Along with FDA approval of the first CTA-FFR system, it may seem that it is ripe for use in the clinical environment. However, there are several issues to be addressed before the method is widely implemented. First of all, the practical elegance of the reference, invasive FFR itself is misleading, as it has serious limitations.
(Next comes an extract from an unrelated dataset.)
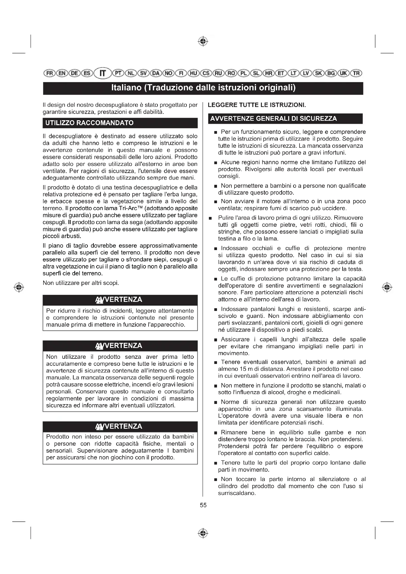 Ver fi gura 19. ■ Asegúrese de que el conmutador de encendido está en la posición de apagado (“off”). ■ Extraiga la perilla y la cubierta del filtro del aire. ■ Retire el filtro de aire y limpie con agua tibia y jabón. ■ Enjuague y deje que el filtro de aire se seque completamente. ■ Sustituya el filtro del aire. OBSERVACIÓN: Si están dañadas, substitúyalas cuanto antes. ■ Reemplace la tapa del filtro de aire. ■ Apriete la perilla del filtro del aire. OBSERVACIÓN: Para un mejor rendimiento, se debe sustituir el fi ltro de aire anualmente. COMPROBACIÓN DE LA TAPA DE COMBUSTIBLE ADVERTENCIA Una tapa de combustible que presente fugas constituye un peligro de incendio y deberá ser reemplazada de inmediato. La tapa del combustible contiene un fi ltro desechable y una válvula de retención. Un fi ltro de combustible atascado causará un rendimiento pobre del motor. Si el rendimiento mejora cuando se afl oja el tapón del combustible, puede signifi car que la válvula de retención está defectuosa o el fi ltro atascado. Reemplace la tapa del combustible si es necesario. BUJÍA Este motor utiliza una bujía L8RTF/NHSP LD o L8RTF/ BOSCH, o una bujía equivalente con una distancia entre electrodos de 0,5 mm. Use una pieza de recambio exacta. ADVERTENCIA Tenga cuidado para no dañar los hilos de la rosca de la bujía. En caso de que no enrosque bien, se dañaría gravemente el motor.55 Italiano (Traduzione dalle istruzioni originali) Il design del nostro decespugliatore è stato progettato per garantire sicurezza, prestazioni e affi dabilità. UTILIZZO RACCOMANDATO Il decespugliatore è destinato ad essere utilizzato solo da adulti che hanno letto e compreso le istruzioni e le avvertenze contenute in questo manuale e possono essere considerati responsabili delle loro azioni. Prodotto adatto solo per essere utilizzato all'esterno in aree ben ventilate. Per ragioni di sicurezza, l'utensile deve essere adeguatamente controllato utilizzando sempre due mani. Il prodotto è dotato di una testina decespugliatrice e della relativa protezione ed è pensato per tagliare l'erba lunga, le erbacce spesse e la vegetazione simile a livello del terreno. Il prodotto con lama Tri-Arc™ (adottando apposite misure di guardia) può anche essere utilizzato per tagliare cespugli. Il prodotto con lama da sega (adottando apposite misure di guardia) può anche essere utilizzato per tagliare piccoli arbusti. Il piano di taglio dovrebbe essere approssimativamente parallelo alla superfi cie del terreno. Il prodotto non deve essere utilizzato per tagliare o sfrondare siepi, cespugli o altra vegetazione in cui il piano di taglio non è parallelo alla superfi cie del terreno. Non utilizzare per altri scopi. AVVERTENZA Per ridurre il rischio di incidenti, leggere attentamente e comprendere le istruzioni contenute nel presente manuale prima di mettere in funzione l’apparecchio. AVVERTENZA Non utilizzare il prodotto senza aver prima letto accuratamente e compreso bene tutte le istruzioni e le avvertenze di sicurezza contenute all'interno di questo manuale. La mancata osservanza delle seguenti regole potrà causare scosse elettriche, incendi e/o gravi lesioni personali. Conservare questo manuale e consultarlo regolarmente per lavorare in condizioni di massima sicurezza ed informare altri eventuali utilizzatori. AVVERTENZA Prodotto non inteso per essere utilizzato da bambini o persone con ridotte capacità fisiche, mentali o sensoriali. Supervisionare adeguatamente I bambini per assicurarsi che non giochino con il prodotto. LEGGERE TUTTE LE ISTRUZIONI.

The measurement repeatability of a single FFR result is > 95% only outside the gray zone of 0.75–0.85, and closer to its cut-off the certainty falls, to less than 80% within 0.77 to 0.83, and a nadir of 50% around the 0.8 threshold [8]. A further dent in the value of invasive FFR is inflicted by outcomes of the RIPCORD (Does Routine Pressure Wire Assessment Influence Management Strategy at Coronary Angiography for Diagnosis of Chest Pain) study, where even 13% of mild (0–30%) stenoses had FFR ≤ 0.8, and the same 33% proportion of significant FFR was reported for both 31–50% and 51–70% stenoses, and for only 53% of stenoses above 70% [9].
Current literature referring to the simulated CTA-FFR, including the post-marketing PLATFORM study of Heartflow Inc., seems to ignore the fact that CTA-FFR is not homologous to invasive FFR, and postulates use of the ≤ 0.80 threshold to make clinical decisions based on the CTA-FFR [3–5]. However, given limits of agreement at around 20%, and an average accuracy of the simulated FFR at around 80% respective to the reference method with 80% repeatability itself in the range of 0.75–0.85, the postulated clear-cut threshold seems to be a misconception, as it may lead to erroneous qualifications in nearly 50% of borderline FFR cases. A partial solution to the problem may be optimization of the diagnostic accuracy parameters of the specific CTA-FFR, by defining the individual cut-off for each method, as proposed by Dai et al. in Advances in Interventional Cardiology [7]. However, given the simulated FFR relatively wide limits of agreement, the relevant question is rather: “What proportion of patients can be confidently diagnosed with the specific CTA-FFR?” Our previous analysis of prototype CTA-FFR showed that the method was able to confidently (both positive and negative predictive values ≥ 90%) diagnose around half of the lesions displaying intermediate stenosis (50–90% on CTA), using the threshold of either > 0.87 or < 0.74 for respectively nonsignificant or significant stenosis [10]. These results seem to discourage use of the single thresholds for the clinical application of CTA-FFR, unless both negative and positive predictive values are sufficiently high for the single point. Although this approach proved inconclusive for around 50% of patients with intermediate stenosis on CTA, it brought a relatively confident diagnosis for the remainder.
CTA-based FFR currently remains a diagnostic method under development, but its huge potential is already emerging. Although it is unknown how it will ultimately be applied in the clinical environment, even under current technology it may provide a diagnostic “one-stop-shop” for around 50% of patients, who currently are referred for further testing due to intermediate stenosis on CTA. Future developments in both image quality and computational fluid dynamics algorithms will likely improve CTA-FFR accuracy, with fewer patients left in the “waiting room” of the gray diagnostic zone.

Conflict of interest

The author declares no conflict of interest.